= Mercedes Elena Gonzalez =

Artist (b. 1952)

Mercedes Elena González is an artist from Caracas, Venezuela. She has worked on various multimedia art pieces that incorporate lines, shapes, and colors to showcase modern abstraction.

== Early life and career ==
Mercedes Elena González was born in Caracas, Venezuela, in 1952. In the years 1974 to 1976, she attended a school in her hometown known as Taller Teresa Azara. Following her attendance there, González continued her studies at the School of the Museum of Fine Arts in Boston, Massachusetts until 1980.

==Selected works==
=== September 1955 Series (2013) ===
In her series, September 1955, González portrays art that was inspired by a Venezuelan magazine called Integral. The name itself is derived from the specific month and year that Integral showcased modern abstraction as a new form of art. González uses her drawing as means to explore the hopefulness that modern abstraction brought to youth during the 1950s, along with the political obstacles that have slowly ruined the countries well-being. She comes from a generation in which modernism was not popular in Latin America. Her series reflects on her personal realization of what Venezuela has come to be, through the use of abstract art.
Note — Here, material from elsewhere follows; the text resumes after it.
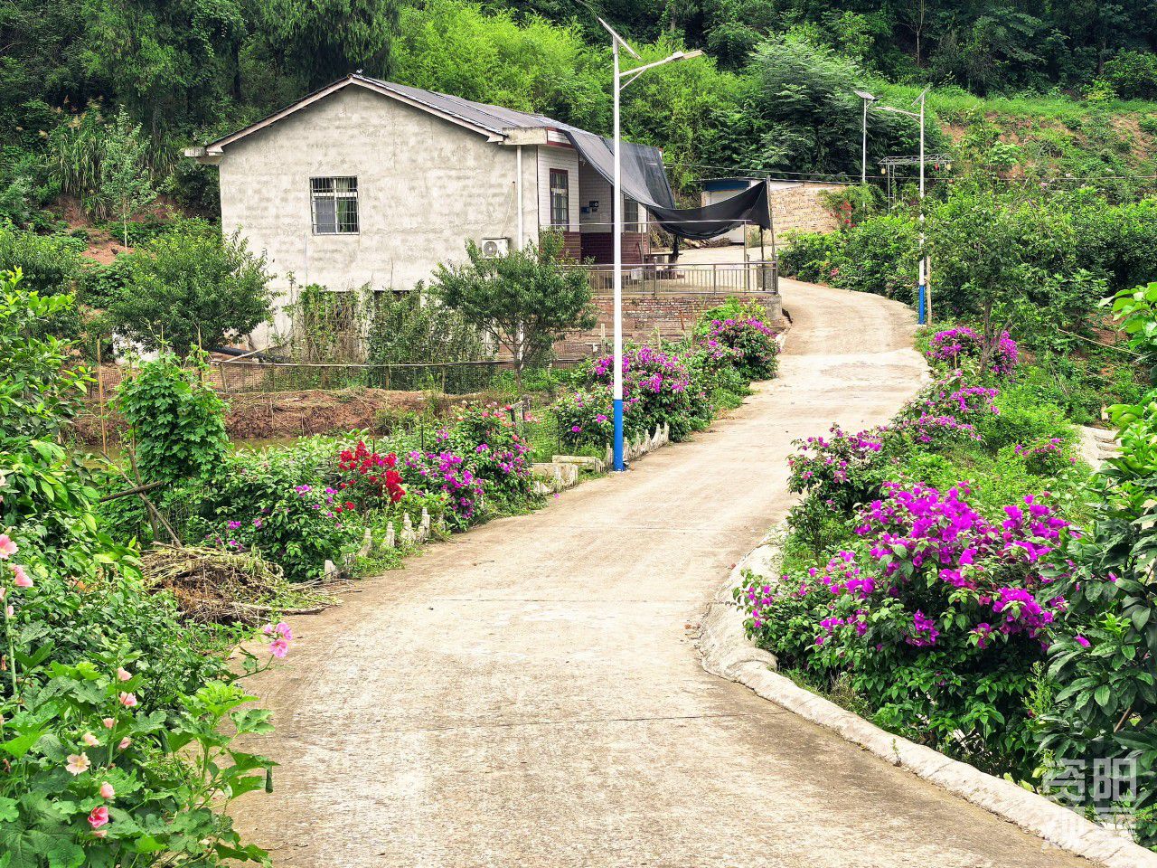村道两旁都种上了花。
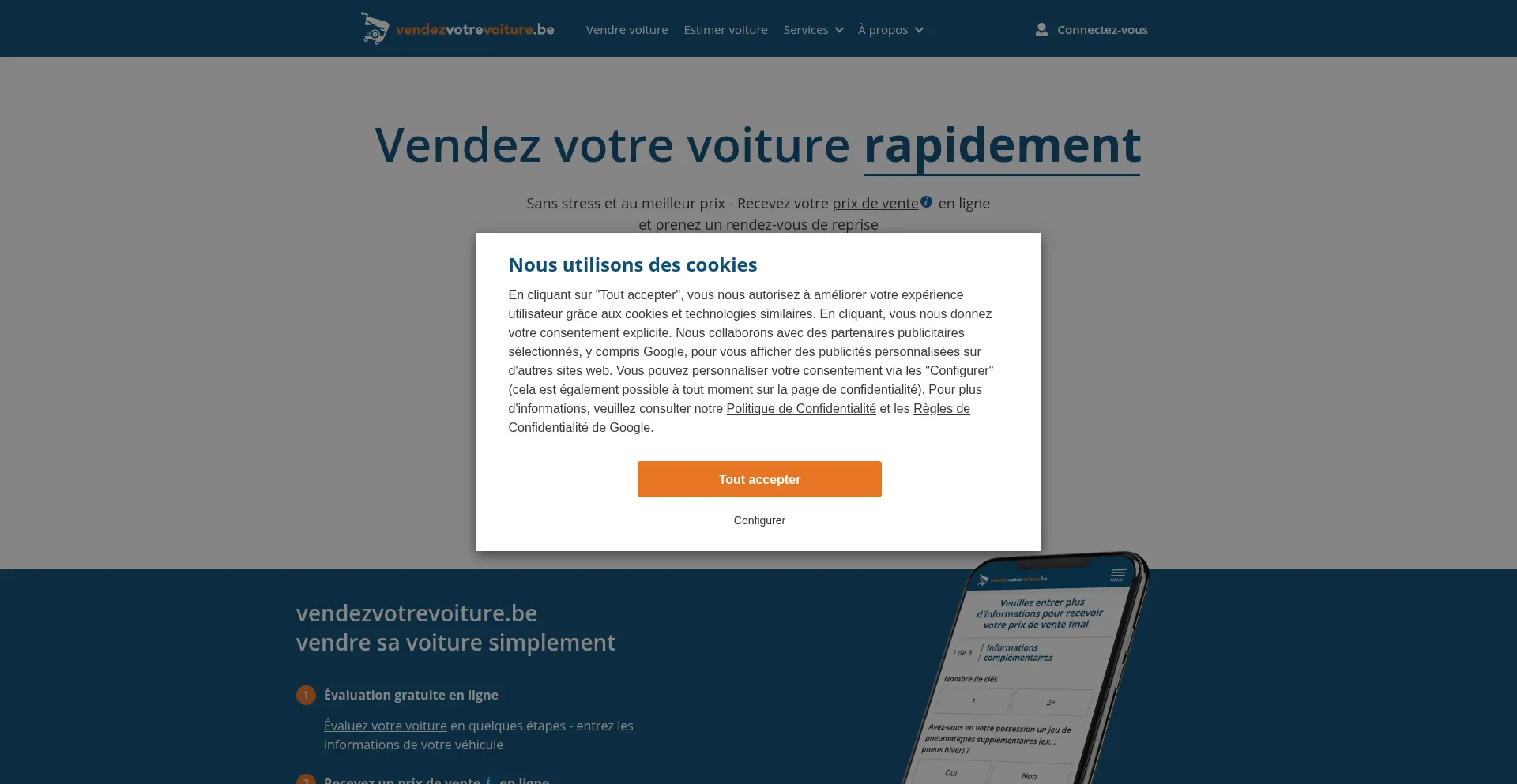 vendezvotrevoiture.be 使用 Google Tag Manager 在其网站上添加和更新追踪代码(标签)。

=== Vulvosa tríptico (Vulviform triptych) (1979–81) ===
This series of art explores the biological process of reproduction. It was created on a graphite board with acrylic paint. Her father was a doctor and, for that reason, a lot of her art reflects anatomical features. This specific series was controversial at the time because of how uncommon it was to see vaginal imagery in Venezuela. The use of soft lines and colors gave viewers a calm feeling about the subject. Her art was inspired by Georgia O'Keeffe, an artist who also sparked controversy.